Gibt es Software/3D-Games in denen Bewegungsauflösung eine Rolle spielt? Auch die Frage nach der schnellstmöglichen Darstellung der aktuellen virtuellen Situation (Thema: Lag) spielt in dieses Thema mit rein. ...großes weites Feld.

Fazit:

Ein Tool zum ermitteln der asynchronen Frametimes und vor allem ein Maß für deren Stärke und Einfluss auf die Bewegungsauflösung sollte es geben. → Thema: Benchmark und Bewertung von Hard- bzw. Software.


----------



## ruyven_macaran (15. Januar 2012)

*AW: [Erklärung] Mikroruckler*

Was du im ersten Absatz beschreibst, ist ein zusätzlicher Effekt: Der fehlerhafte Bildinhalt. Der dürfte sicherlich die Sichtbarkeit des Effekts verstärken (man wird auf Unruhe in der Animation aufmerksam, weil lineare Bewegungen nicht linear dargestellt werden), aber Mikroruckler kannst du viel banaler erklären: Unabhängig vom Bildinhalt registrieren wir eben, dass sich das Bild z.B. für 1/20 Sekunde nicht geändert hat (obwohl eigentlich 30 fps herrschen sollen). Das ist im Prinzip das gleiche, wie beim Makroruckler, nur dass eben nicht gleich eine zweite längere Pause folgt, sondern im Gegenteil ein sehr schneller Bildwechsel.

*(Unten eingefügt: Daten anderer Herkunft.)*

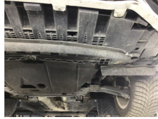
Tampon, ön, Spoiler > Hasarlı
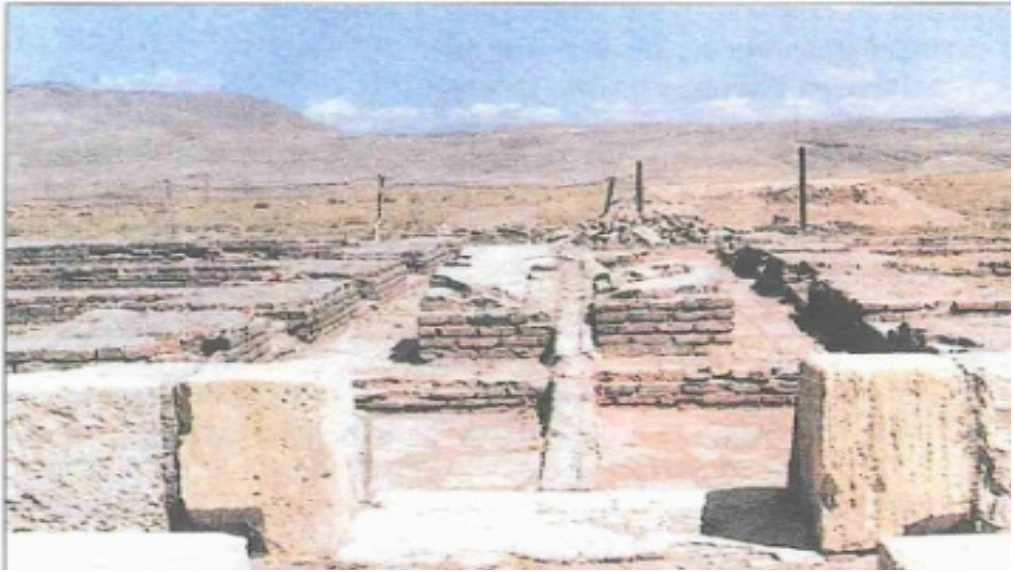
Resim 3: Arkeolojik kazılarda ortaya çıkan Merâge Rasathânesi'nin kalıntıları. (Özgüdenli 2004: 162).

Deine restlichen Ausführungen beschäftigen sich in der Tat eher mit flimmern (d.h. mit der Fähigkeit des Auges, zeitliche Abläufe aufzulösen - nicht mit der des Gehirns, die Bilder auszuwerten). Es wurden zwar (siehe oben) z.T. schon Reaktionen auf reine Bewegungen im 100 fps Bereich ermittelt, aber beim Durchschnittsbürger dürfte das Hirn jenseits von 40-50 fps nicht mehr in der Lage sein, die Bildinhalte vollständig zu verarbeiten, so dass höchstens noch Progamer, die auf Aktionen am Blickfeldrand instinktiv reagieren, einen Unterschied feststellen dürften. (Aber auch dafür bräuchten sie erst einmal Monitore, die real soviel Bilder auch wirklich anzeigen können.)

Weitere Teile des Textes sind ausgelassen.